MUDLink: a Modular UART Duplex Link

MUDLink on GitHub / Arduino

I built a new library for Arduino that lets us promote any Serial port (UART) into a competent link / transport layer with guaranteed delivery of framed packets.

MUDLink adds packet framing, delivery guarantees, and flow control to just about any UART Port. It also records stats on the link’s performance, to enable a litle bit of feedback systems assembly.
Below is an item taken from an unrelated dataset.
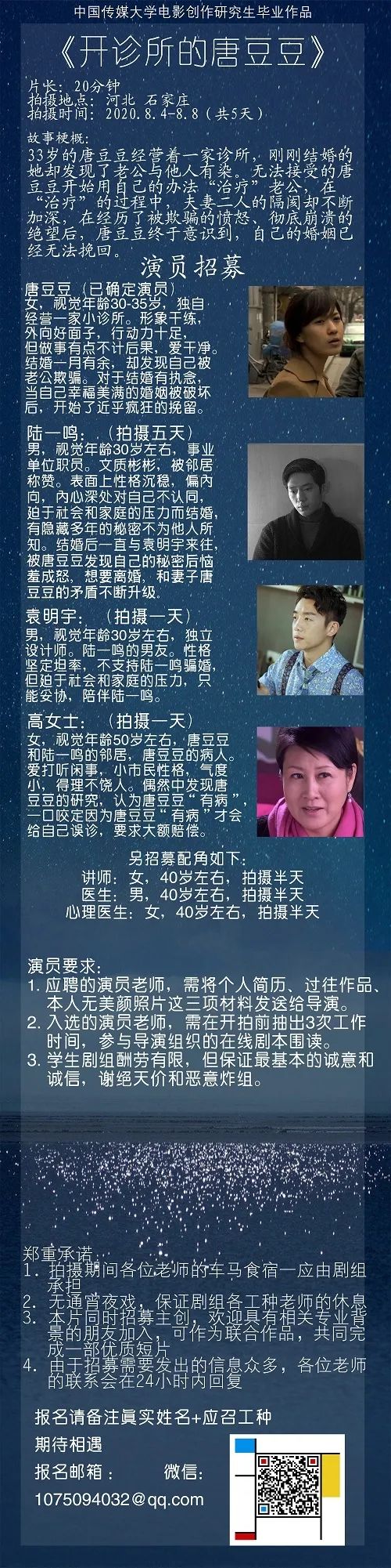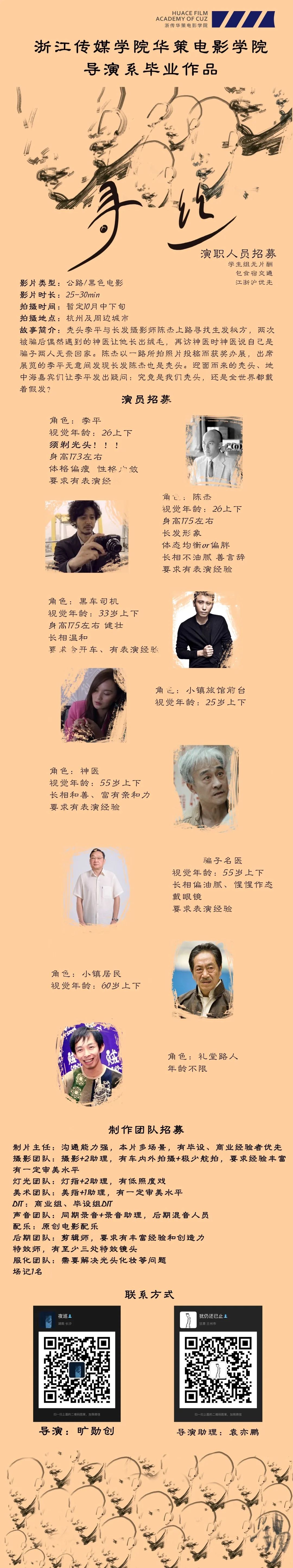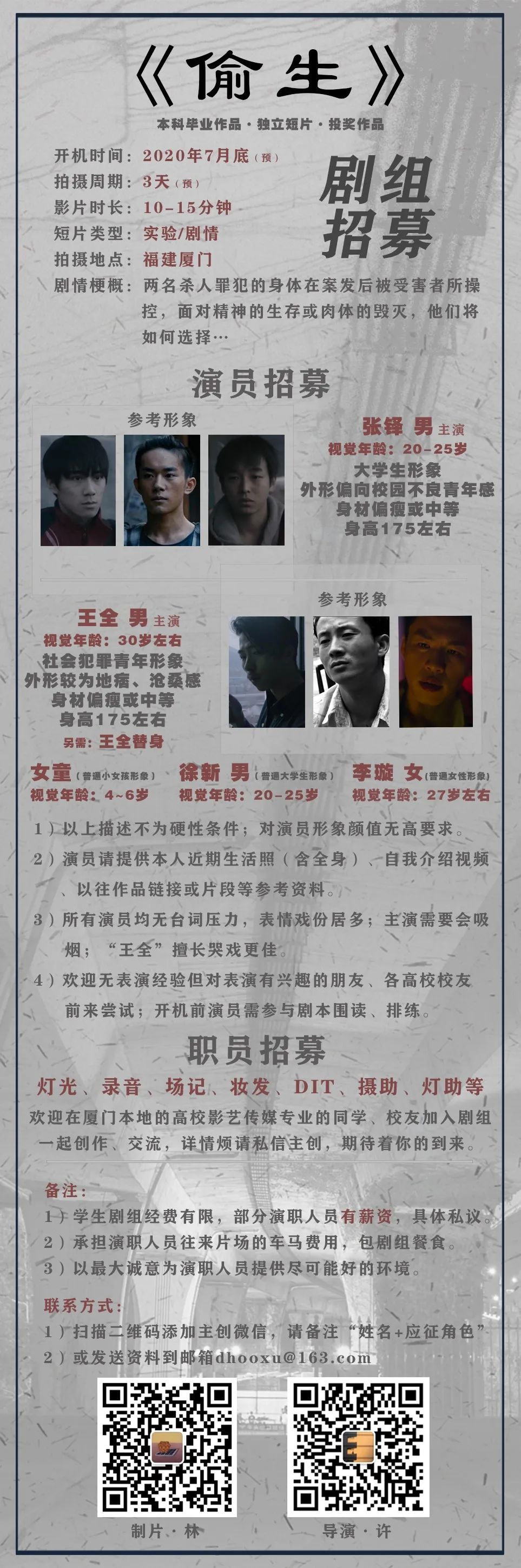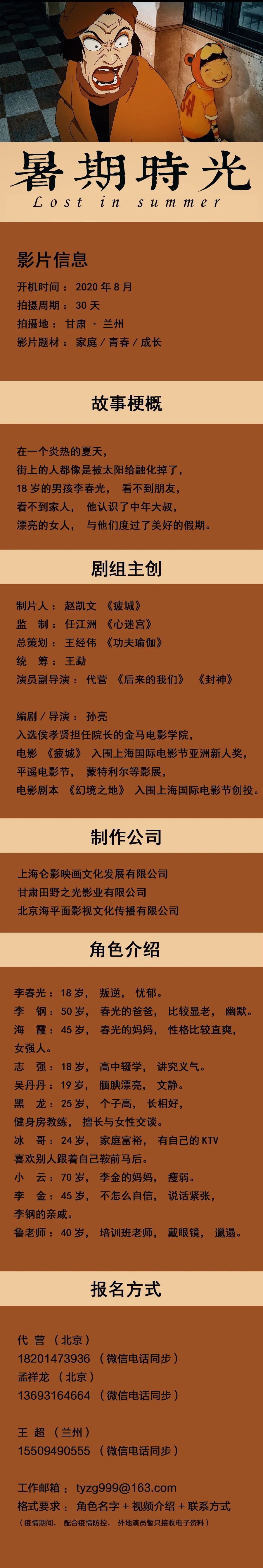 邮件标题/微信申请提示“演员角色/剧组岗位+真实姓名”,请发送个人简历,照片(演员),作品集至联系人,欢迎无表演经验的朋友前来尝试。

I have wanted to release something like this for a while since just about every microcontroller has at least one UART port, and they are well understood in the OSHW community - making them a good candidate for link layers that could help to enable a commons of interoperable hardware. In order to get from UART to Reliable Link Layer, though, we need to add a few things:

Packet Framing

UARTs send bytes only, and have no native packet delineation as is the case in i.e. I2C, CANBus etc: this makes it difficult to frame and decode efficient bytecodes of any real complexity.

Bit and Byte Errors

UARTs are not fault tolerant: each microcontroller simply sends bytes at whatever configured baudrate, and recieves at the same. If bytes are lost or bits are flipped, but programmers don’t anticipate or catch these errors, things can go wrong. This means that folks are left either with unreliable systems (throwing intermittent errors, the worst kind!), or are left re-building fault tolerance when they might rather be finishing the interesting parts of their project.

Flow Control and Feedback

Since UARTs are mostly used with only TX and RX lines (no CTS/RTS etc), they are not normally flow controlled. This can be troublesome in applications where i.e. one participant can write significantly faster than the other can read (leading to lost bytes).
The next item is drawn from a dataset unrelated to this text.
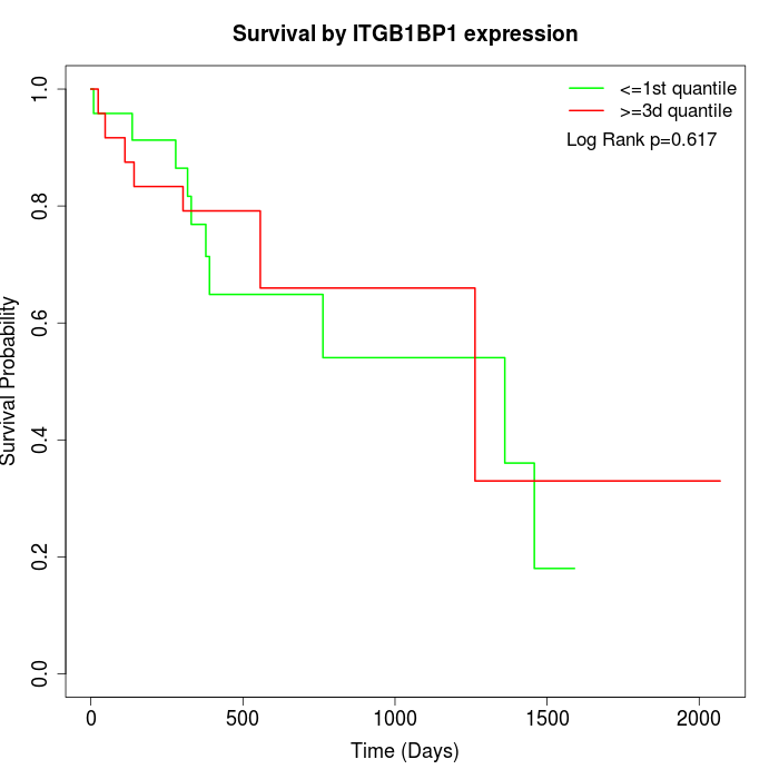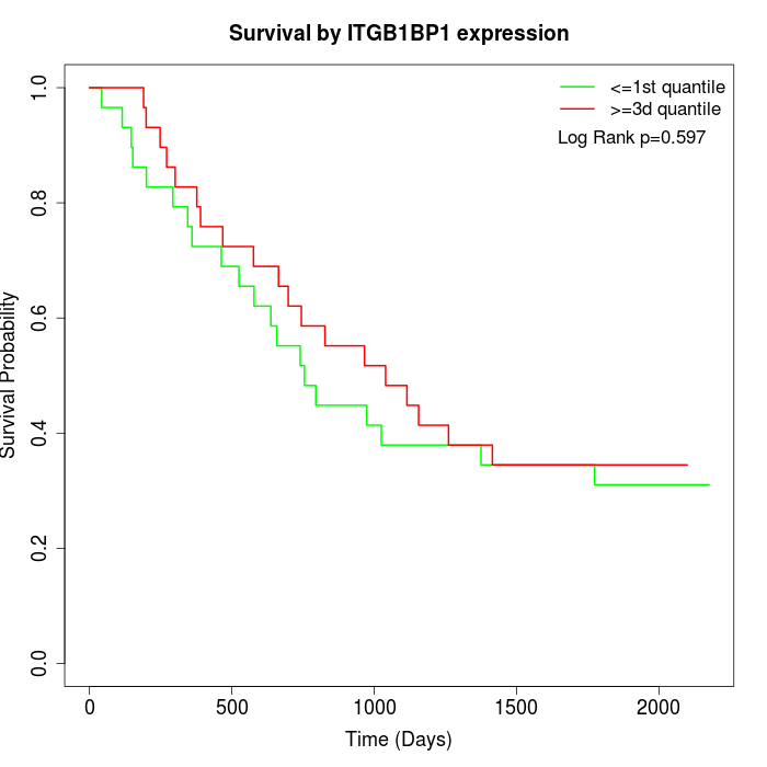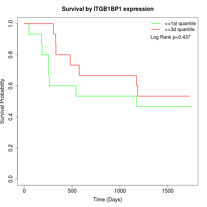 Survival by ITGB1BP1 expression:

It can also be difficult to tell what an appropriate baudrate is: lower rates are typically less prone to errors, but that stability comes at an obvious performance loss. In some cases, we pick what seems like a stable baudrate only to change our environment slightly, and find that it is actually quite error prone… for example we might turn on a high-power motor (injecting a lot of noise) and have our comms break down.
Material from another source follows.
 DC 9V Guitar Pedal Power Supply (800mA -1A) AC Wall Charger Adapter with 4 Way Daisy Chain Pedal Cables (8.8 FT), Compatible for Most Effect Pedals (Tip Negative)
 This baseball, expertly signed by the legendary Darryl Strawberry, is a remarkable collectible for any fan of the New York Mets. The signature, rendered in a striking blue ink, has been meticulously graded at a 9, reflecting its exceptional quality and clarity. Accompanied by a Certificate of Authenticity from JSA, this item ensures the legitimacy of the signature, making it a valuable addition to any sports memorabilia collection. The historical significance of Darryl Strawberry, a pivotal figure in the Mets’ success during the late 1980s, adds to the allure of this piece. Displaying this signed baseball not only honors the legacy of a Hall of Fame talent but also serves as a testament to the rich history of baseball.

These kinds of phenomena typically means that (as is the case in much systems assembly), we end up using lower performance parameters than we might be able to, i.e. opting for baudrates that never fail, even though they may be up to one quarter the speed fo baudrates that fail only very occasionally.

Enter MUDLink, a Useful UART Link

So, the MUDLink is a software bolt-on that effectively promotes any Arduino-exposed Serial object from a PHY (layer one of the OSI model) into a simple Transport layer (although it roughly eschews Layer 3: since it only sends datagrams between two devices, there is no addressing or routing… it also misses segmentation which is meant to live in Layer 4).

Longer discussion on any resemblance to the OSI model is mostly useless anyways, as many have stated (most recently, Nathan made this point in his Machine Class lecture) it is a good common understanding or theory of how we might delayer networks, but is rarely followed carefully in practice.

In simple terms, MUDLink lets you quickly establish a packetized, reliable and inspectable connection between two microcontrollers.

Packet Framing with COBS

Firstly, we need to make streams of bytes into chunked packets. This is like networking 101: if we don’t know where any given byte goes w/r/t any other byte, we can’t reliably do much (unless each of our messages is just one byte long).

From the Wiki Page on COBS: COBS transforms an arbitrary string of bytes in the range [0,255] into bytes in the range [1,255]. Having eliminated all zero bytes from the data, a zero byte can now be used to unambiguously mark the end of the transformed data.

COBS is Consistent Overhead Byte Stuffing and is already in most embedded developers’ toolbox. It has the excellent property that it requires only two extra bytes of transmitted data for any packet smaller than 254 bytes (and only one more byte per chunk of 255 thereafter) - and requires those bytes consistently, meaning that we can have more deterministic systems.

COBS is also simple and fast: about 64 lines of c code (with comments). MUDLink deploys the wikipedia page’s implementation directly (unfortunately I wouldn’t be able to tell you who wrote that, though - thanks to them!).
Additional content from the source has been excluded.